RAW DATA:
=====

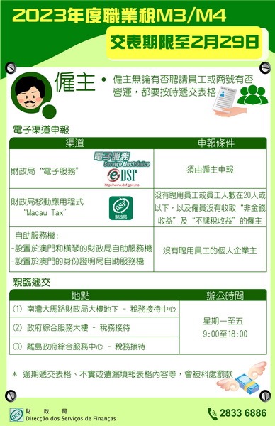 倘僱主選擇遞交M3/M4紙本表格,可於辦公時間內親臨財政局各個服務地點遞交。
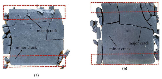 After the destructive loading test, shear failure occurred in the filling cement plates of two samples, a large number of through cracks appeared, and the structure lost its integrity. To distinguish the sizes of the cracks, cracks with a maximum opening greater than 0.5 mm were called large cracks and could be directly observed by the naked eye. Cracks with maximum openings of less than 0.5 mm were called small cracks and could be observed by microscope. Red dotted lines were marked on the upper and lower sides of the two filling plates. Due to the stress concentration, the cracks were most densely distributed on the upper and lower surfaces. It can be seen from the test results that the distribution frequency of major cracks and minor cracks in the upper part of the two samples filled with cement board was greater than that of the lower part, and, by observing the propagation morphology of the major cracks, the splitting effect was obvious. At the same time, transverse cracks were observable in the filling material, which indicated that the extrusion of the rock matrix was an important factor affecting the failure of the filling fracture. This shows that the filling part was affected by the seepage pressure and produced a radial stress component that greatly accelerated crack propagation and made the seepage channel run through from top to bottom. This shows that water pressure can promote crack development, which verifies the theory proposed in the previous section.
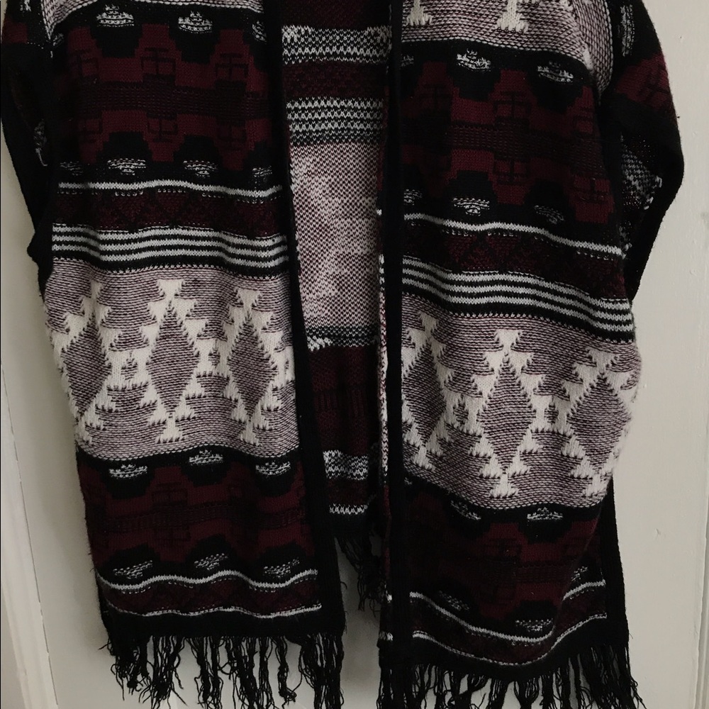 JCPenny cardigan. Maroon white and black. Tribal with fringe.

=====

ASSIGNED TASK: Print the listing again exactly, please. Keep the pictures out of it.

TASK ANSWER:
 倘僱主選擇遞交M3/M4紙本表格,可於辦公時間內親臨財政局各個服務地點遞交。
 After the destructive loading test, shear failure occurred in the filling cement plates of two samples, a large number of through cracks appeared, and the structure lost its integrity. To distinguish the sizes of the cracks, cracks with a maximum opening greater than 0.5 mm were called large cracks and could be directly observed by the naked eye. Cracks with maximum openings of less than 0.5 mm were called small cracks and could be observed by microscope. Red dotted lines were marked on the upper and lower sides of the two filling plates. Due to the stress concentration, the cracks were most densely distributed on the upper and lower surfaces. It can be seen from the test results that the distribution frequency of major cracks and minor cracks in the upper part of the two samples filled with cement board was greater than that of the lower part, and, by observing the propagation morphology of the major cracks, the splitting effect was obvious. At the same time, transverse cracks were observable in the filling material, which indicated that the extrusion of the rock matrix was an important factor affecting the failure of the filling fracture. This shows that the filling part was affected by the seepage pressure and produced a radial stress component that greatly accelerated crack propagation and made the seepage channel run through from top to bottom. This shows that water pressure can promote crack development, which verifies the theory proposed in the previous section.
 JCPenny cardigan. Maroon white and black. Tribal with fringe.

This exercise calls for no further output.